I summarize below the discussions and changes between the four reviewers and the authors.

Reviewer pPe8's concerns focus on the presentation of the motivation for studying heavy-tailed noise gradients and on some doubts regarding the limitations of the prior work. The authors clarify both the motivation and the limitations of prior work in their response.

Reviewer crhG raises concerns regarding the bounded domain assumption. In practice, domains are often unbounded. The authors reply that although the analysis is conducted under the boundedness assumption, the methods would perform well without it. Moreover, the reviewer also notes that the paper does not explicitly address mirror descent type algorithms. The authors respond that the proofs of the work can be extended to the online mirror descent framework directly.

Reviewer gH1H's concerns center on the limited technical contributions, and the presentation of the paper, including issues with the literature review, the contribution over [2], the definition of KK-shifting regret. This reviewer also points out that the paper does not introduce new algorithms and relies heavily on standard techniques. Moreover, the presentation of this paper is dense and difficult to follow. The authors' reply fails to address the reviewer's concerns.

Reviewer mzro questions the core contribution of the paper. They remark that establishing guarantees under heavy-tailed noise without gradient clipping has already been investigated in prior work [1], which limits the novelty of this work. In addition, although the authors claim that their regret bounds are optimal, they do not provide a lower bound. The additional analysis provided by the authors during the rebuttal period does not fully address this concern.

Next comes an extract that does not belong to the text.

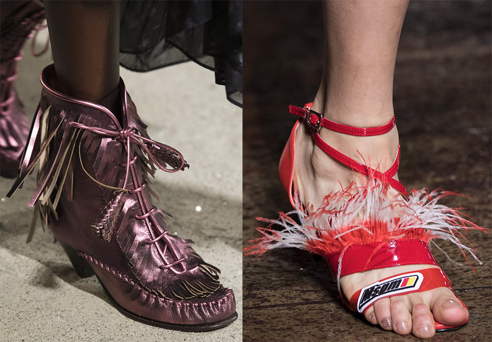 Il est impossible de ne pas faire attention à des styles aussi insolites, voire excentriques, comme par exemple dans la collection Acne Studios, ou les bottines Julien Macdonald, les sandales tressées Alberta Ferretti, les geta d'Alberto Zambelli, les luxueuses bottines à clou de la collection Alexander McQueen ou des sandales avec une montre à la cheville par Christian Cowan.

After the rebuttal period, Reviewers pPe8 and crhG maintain their positive scores as their concerns are addressed. In contrast, the concerns of Reviewers gH1H and mzro are not fully resolved, and they maintain their negative scores.

I place greater weight on the evaluations of Reviewer gH1H and Reviewer mzro, as their points highlight the limitations in both the significance and novelty of the work.


References

[1] Zijian Liu and Zhengyuan Zhou. Nonconvex Stochastic Optimization under Heavy-Tailed Noises: Optimal Convergence without Gradient Clipping. ICLR 2025.

[2] Ashok Cutkosky, Harsh Mehta and Francesco Orabona. Optimal Stochastic Non-smooth Non-convex Optimization through Online-to-Non-convex Conversion. ICML 2023.